Infectious Disease
Generalizability of machine-learned antibiotic treatment rules for children with watery diarrhea in low-resource settings Allison Olmsted* Allison Olmsted Olmsted Olmsted Olmsted Olmsted Olmsted Olmsted Department of Epidemiology, Emory University
Some children with watery diarrhea could benefit from antibiotic therapy not indicated by current guidelines. Data from the AntiBiotics for Children with severe Diarrhea (ABCD) randomized trial was used to develop personalized rules based on expected child-level benefits of azithromycin treatment with respect to diarrhea duration, re-hospitalization or death, and linear growth.
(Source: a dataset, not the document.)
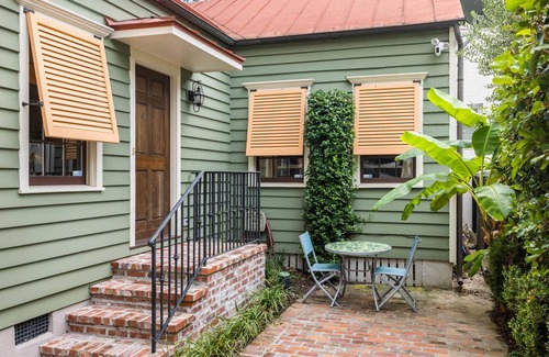 Historic Charleston Cottage just 1 block from the heart of King and Market Street. Our 1000sf two bedroom/two bath home has recently been renovated and furnished to include all new high-end bedding and furniture. The home is situated in Harleston Village, one of the most desired neighborhoods in Downtown Charleston. Located on a quiet side street, the home has privacy but is only blocks from all that the lower peninsula has to offer. The best shopping and restaurants of Lower King Street are just a few minutes walk from the home or hop on a bike and see all of the most popular downtown sights such as the Battery, Rainbow Row, and Waterfront Park which are all less than a mile from your front door.Enter our home into the living room and you will immediately notice quality furniture including a premium sofa couch with upgraded queen sleeper and 50” smart TV. Our updated kitchen has every appliance and cooking item you may need and dining for six. Primary bedroom has a new queen hybrid mattress, large double closet, ceiling fan, 32” smart TV, and the en-suite bathroom has a bathtub/shower combo. Second bedroom has a queen hybrid mattress, two large closets, ceiling fan, and a new trundle bed with 2 twin beds if needed for additional guests. Hallway bath is upgraded with atile shower. We have all new plush bed linens and towels as well as full-size washer and dryer. Enjoy your morning or evening beverage on our bistro set out on the private brick patio. Home is also child friendly with high-chair, and pack n play for your convenience. Driveway will fit either two small or one larger vehicle. In an effort to provide luxury accommodations we have complimentary soap, shampoo, laundry detergent, on-demand tankless water heater (no wait un-limitless hot water) and high-speed WiFi, during your stay.

To evaluate generalizability to a more representative population, we applied ABCD-learned rules for antibiotic treatment to the Enterics for Global Health (EFGH) study, a seven-site diarrhea surveillance study, and compared these to novel rules developed using EFGH data. Rules were developed using a robust ensemble machine learning-based procedure validated across 10 folds. Treatment was recommended if the child-level benefit exceeded a 7% reduction in day 3 diarrhea, 2% reduction in 90-day hospitalization or death, and 0.06 increase in length-for-age z-score (LAZ). We estimated the proportion recommended treatment by each rule and compared expected benefit by treatment recommendation. Overall treatment effects were 2.4% reduction (95% CI 0.2, 4.6) in day 3 diarrhea, 0.3% increase (95% CI -0.6, 1.2) in 90-day hospitalization or death, and a 0.01 increase (95%CI 0.0, 0.03) in 90-day LAZ. Comparing the ABCD to EFGH rule, the difference in the antibiotic effect among those recommended for treatment compared to not in terms of reduction in day 3 diarrhea was 4.3% (95%CI 1.0, 9.7) and 0.04% (95%CI -9.5, 8.6), respectively. The ABCD rule more often recommended treatment for children with bacterial etiology (59.7% vs. 40.3%) and acute malnutrition (median weight-for-age z-score -1.42 vs. -1.07). Neither rule identified heterogeneity in treatment effects for other outcomes. The ABCD rule successfully identified children in EFGH who would benefit from antibiotic treatment and better-identified heterogeneity in treatment effects against diarrhea duration compared to the EFGH rule.